Referring to FIG. 12, a method (or process) 550 is shown. The method 550 may generate reports in response to audio analysis. The method 550 generally comprises a step (or state) 552, a step (or state) 554, a decision step (or state) 556, a step (or state) 558, a step (or state) 560, a step (or state) 562, a step (or state) 564, a decision step (or state) 566, a step (or state) 568, a step (or state) 570, a step (or state) 572, and a step (or state) 574.


The step 552 may start the method 550. In the step 554, the microphones (or arrays of microphones) 102a-102n may capture audio (e.g., the audio input signals SP_A-SP_N). The captured audio signal AUD may be provided to the transmitters 104a-104n. Next, the method 550 may move to the decision step 556.
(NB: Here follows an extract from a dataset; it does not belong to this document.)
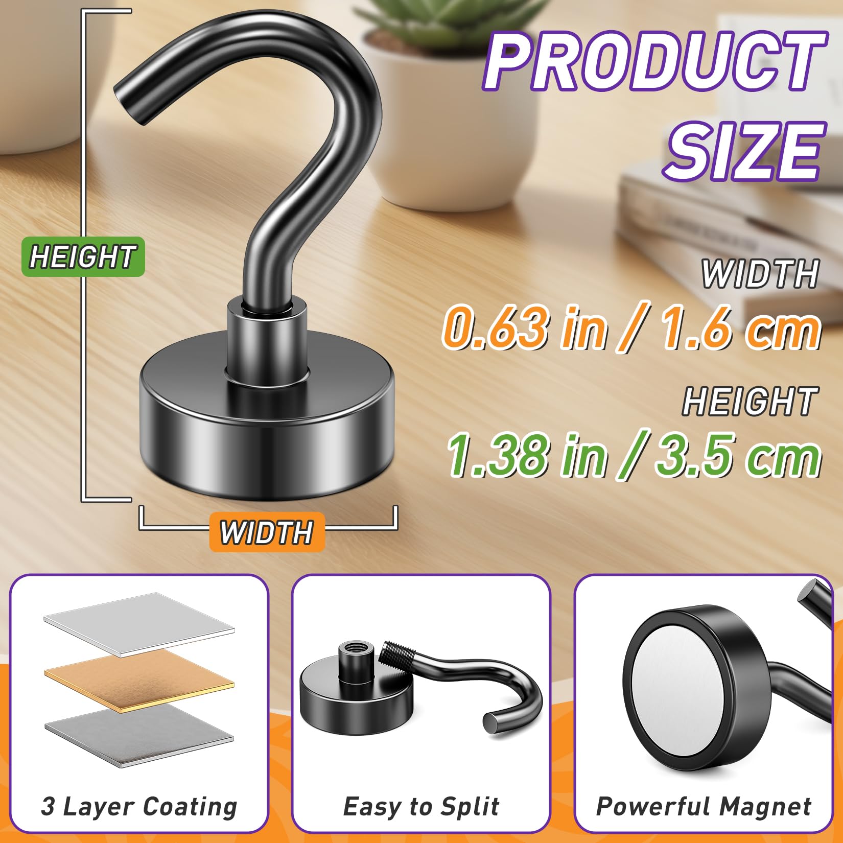 - Magnetic Hooks for Long-term Use: Designed for unmatched strength and reliability, our heavy duty magnetic hook offer exceptional magnetic force. With a premium triple-layer Ni-Cu-Ni coating, they resist corrosion and scratches, maintaining a rust-free finish for years. Perfect for securely hanging items, these hooks provide a sophisticated, long-lasting solution for any environment.

In the decision step 556, the transmitters 104a-104n may determine whether the gateway device 106 is available. If the gateway device 106 is available, the method 550 may move to the step 558. In the step 558, the transmitters 104a-104n may transmit the audio signal AUD′ to the gateway device 106. In the step 560, the processor 122 of the gateway device 106 may perform pre-processing on the audio. Next, the method 550 may move to the step 562. In the decision step 556, if the gateway device 106 is not available, then the method 550 may move to the step 562.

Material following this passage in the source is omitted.